Wow he is definatly coming along. Looking good!


----------



## Mrs_APBT_America (Jul 19, 2008)

Very very gorgeous and look at that muscle tone, whew. Looking great and OMG I expected to see this pup and boy, he sure has grown!! He is amazing looking, great job and thanks for sharing the pictures.


----------



## shadowwolf (Dec 5, 2008)

Good looking dog, however, you shouldn't condition a puppy - ever. Puppy should look well nourished (and that's in the ADBA standard!). There's honest reasoning behind it including messing the dog up permanently by treating the pup's body like a grown dog. You've got a good 12-15 years ahead of you to condition the heck out of your dog. You might as well wait until the pup is over a year before starting. It's just not good for the pup's growing body.


----------



## thaim (Feb 6, 2009)

holy crap what kinda conditioning do u do lol


----------



## Sadie (Jun 18, 2008)

He looks great! I am going to have to agree with shadow wolf about conditioning pups.. If you ever get a chance to check out Scot E. Dowd Ph.d I recommend it .. He makes some real good points on conditioning and when to start .. He recommends not condition anything under 18 months old .. If you want to check him out here is a link

Encyclopedia of the American Pit Bull Terrier : Conditioning


----------



## MADBood (May 31, 2008)

here we go again....bunch of experts trying to kill a thread....can't a person just post a pic without someone wanting to tell them what they should and shouldn't do? he said that it was a light workout...nothing serious. hell, I see alot of 6-8 month old pups pulling light drag weight...will even start my pups on some light drag weight next week (empty sled). I guess that's dangerous too?


----------



## dan'sgrizz (Oct 22, 2008)

hes in an arm chair.... what kinda conditioning is that?! LOL lookin good.


----------



## Coletrain (Oct 26, 2008)

Just curious as to what kind of conditioning program you are using. My girl Kalie is a bit overweight. Tried cutting down on her intake of calories and since it has been so bad weather wise in Chicago she gets an hour or so supervised time on the treadmill every night. I swear she just seems to get bigger. She is about 67lbs right now and should only be about 52-55lbs by my guess. She is a Staffie mix and I don't really care about getting her in top shape. I just want to shed the extra pounds to make it easier on her joints so she doesn't suffer later in life. She is just 3yo. Any advice would be great


----------



## Sadie (Jun 18, 2008)

MADBood said:


> here we go again....bunch of experts trying to kill a thread....can't a person just post a pic without someone wanting to tell them what they should and shouldn't do? he said that it was a light workout...nothing serious. hell, I see alot of 6-8 month old pups pulling light drag weight...will even start my pups on some light drag weight next week (empty sled). I guess that's dangerous too?

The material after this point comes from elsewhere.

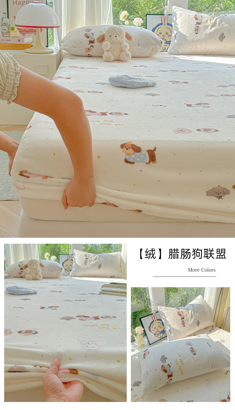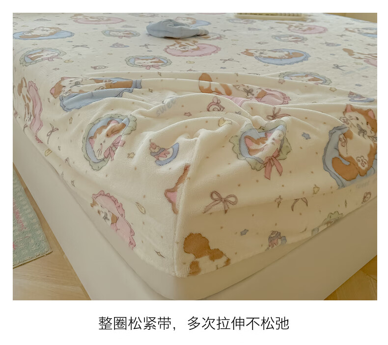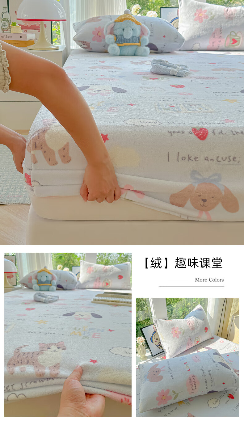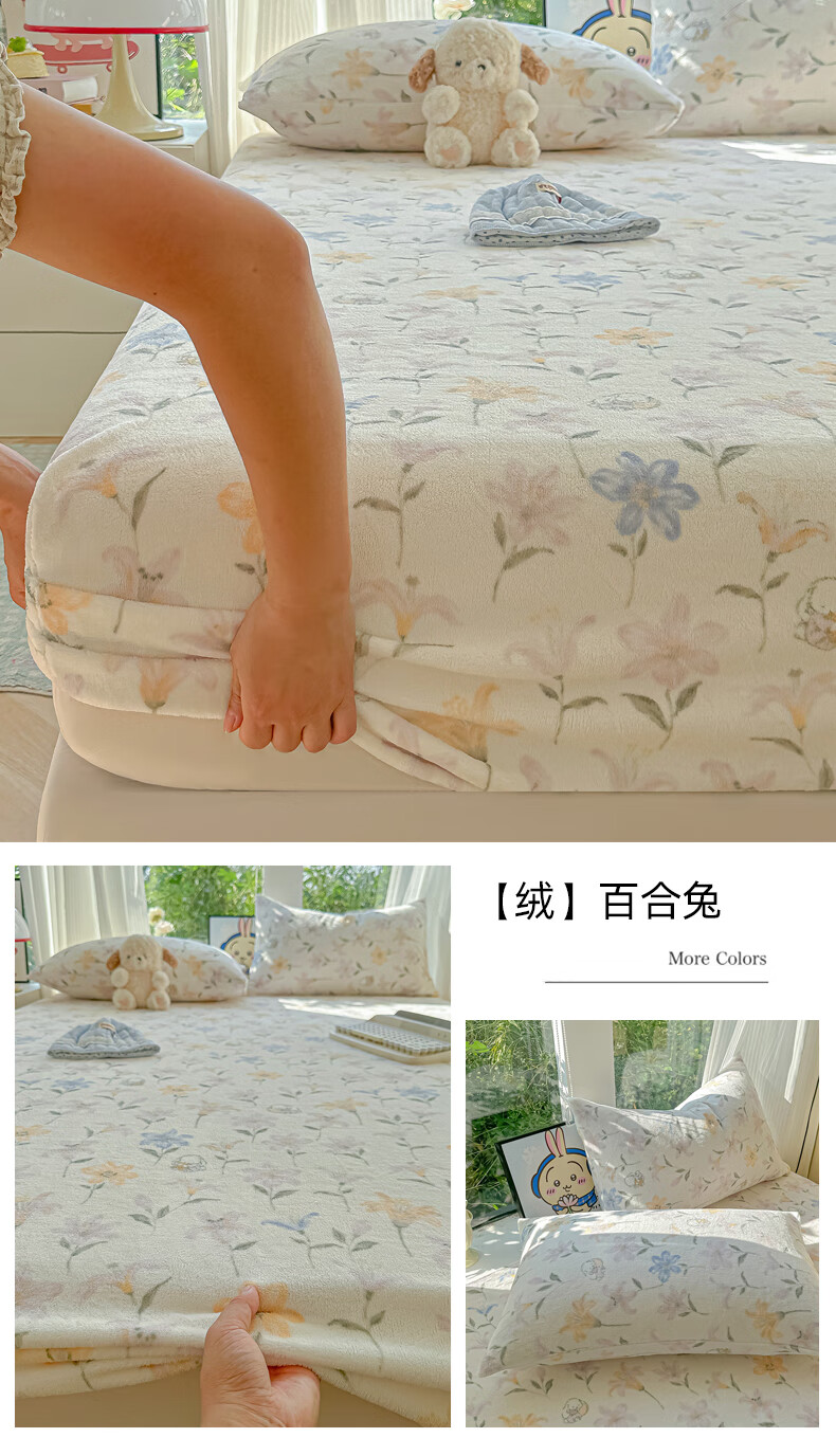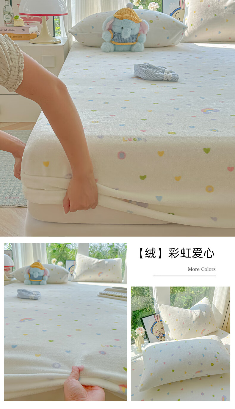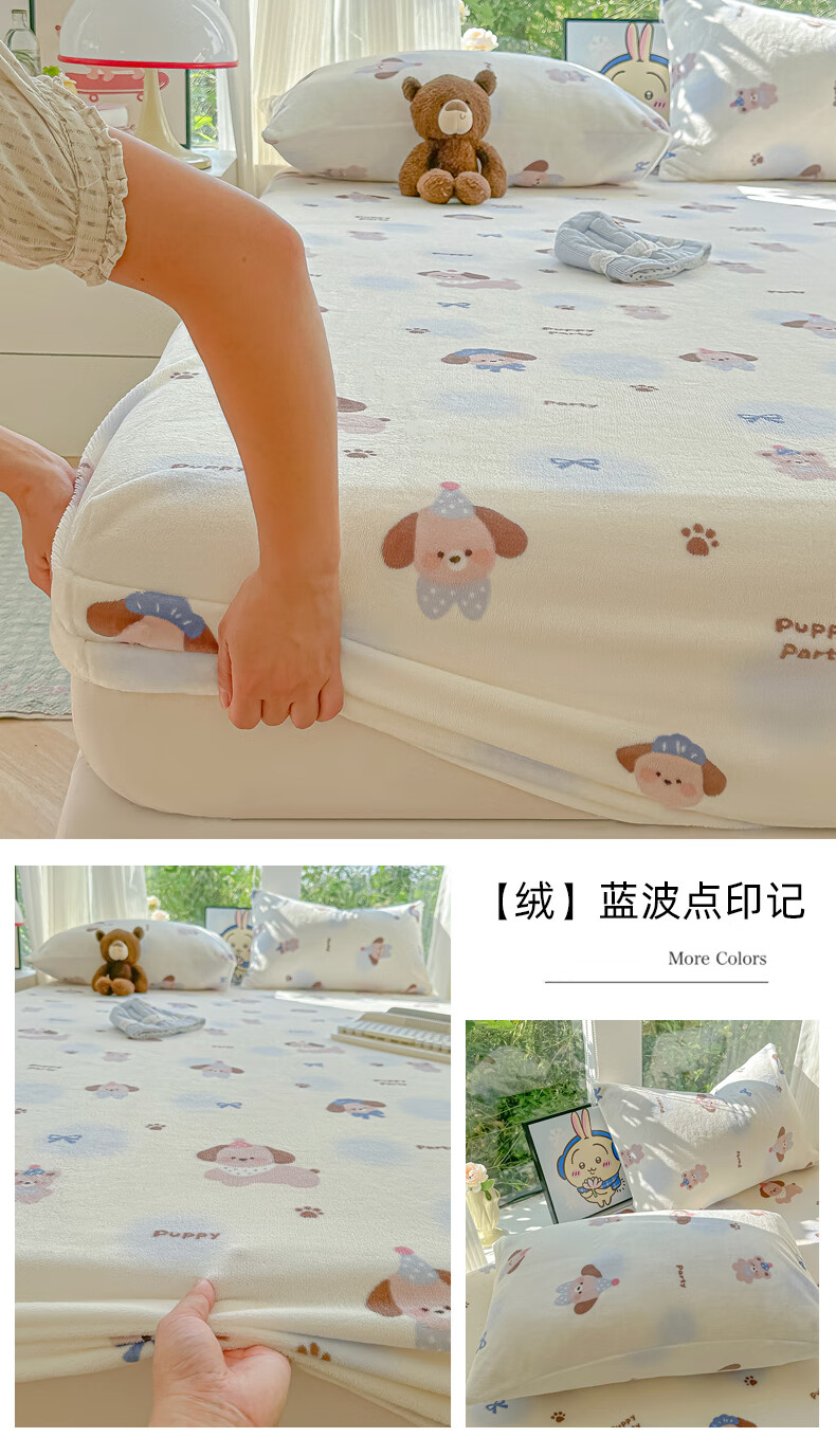 浪莎(LangSha)A类ins秋冬季牛奶绒床笠单件加厚珊瑚绒被单法兰绒学生宿舍床垫单 【绒】小熊紫 单床笠床 150cm*200cm

You just don't know when to quit do you? People are just giving advice know one is claiming the are experts here .. Madbood you need to cool out for awhile maybe after a few days you will have a better attitude..


----------



## LiiL_L0cz_Red_N0se (Sep 15, 2008)

i think hes looking good? running?

i run with kenya every other day(1 to 2 miles), flirtpole on our off days, and then sch on weds... i run with chyna 5 miles (my running days) like 5 times a week... and then flirtpole... thats about it tho... chyna needs sp,e work


----------



## Mrs_APBT_America (Jul 19, 2008)

I think he looks excellent. I just let Nay Nay swim ALOT, sometimes she swims 45 min to an hour but I guess I am wrong for letting her do that because she is under a year old. Whoops. Atleast she has lost 5 lbs and is healthier than the fatty that she was.


----------



## koonce272 (Sep 16, 2008)

shadowwolf said:


> Good looking dog, however, you shouldn't condition a puppy - ever. Puppy should look well nourished (and that's in the ADBA standard!). There's honest reasoning behind it including messing the dog up permanently by treating the pup's body like a grown dog. You've got a good 12-15 years ahead of you to condition the heck out of your dog. You might as well wait until the pup is over a year before starting. It's just not good for the pup's growing body.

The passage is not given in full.